- What is expected -
Give the data again exactly as it appears, excluding any pictures.

- Dataset excerpt -
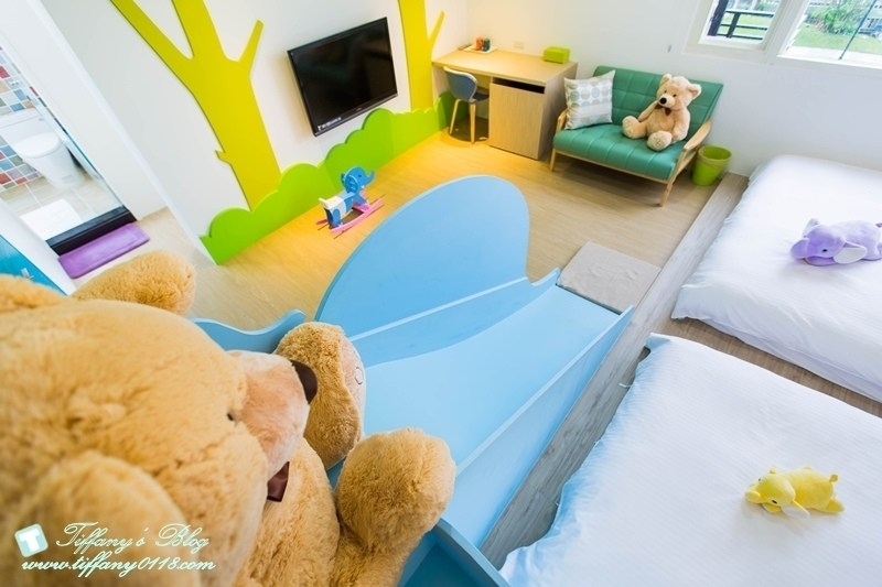 因為是四人房所以空間還滿大的,小朋友可以把溜滑梯當作秘密基地,然後玩樂跟睡覺都在這裡,應該一進房就不想出來了….
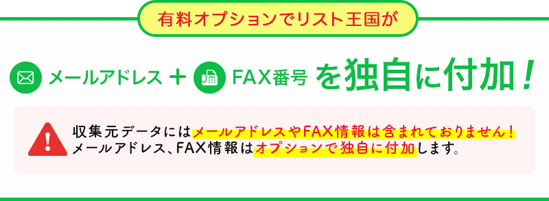 リスト王国ならメールアドレスとFAX番号のオプションで追加OK
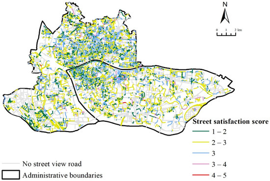 As can be seen in Figure 7, the scores of the street space quality of senior citizens’ physical leisure activities in Guangzhou’s three central districts are mainly in two sections, 2–3 point and 3–4 point. Few streets are scored 1 or 5. The average value of the overall satisfaction is 2.6, which shows great room for improvement in street space quality. Streets with satisfaction of 4–5 have more green views, more sidewalks, and fewer people, vehicles, and buildings. Many of them are distributed near parks.

- Expected output -
 因為是四人房所以空間還滿大的,小朋友可以把溜滑梯當作秘密基地,然後玩樂跟睡覺都在這裡,應該一進房就不想出來了….
 リスト王国ならメールアドレスとFAX番号のオプションで追加OK
 As can be seen in Figure 7, the scores of the street space quality of senior citizens’ physical leisure activities in Guangzhou’s three central districts are mainly in two sections, 2–3 point and 3–4 point. Few streets are scored 1 or 5. The average value of the overall satisfaction is 2.6, which shows great room for improvement in street space quality. Streets with satisfaction of 4–5 have more green views, more sidewalks, and fewer people, vehicles, and buildings. Many of them are distributed near parks.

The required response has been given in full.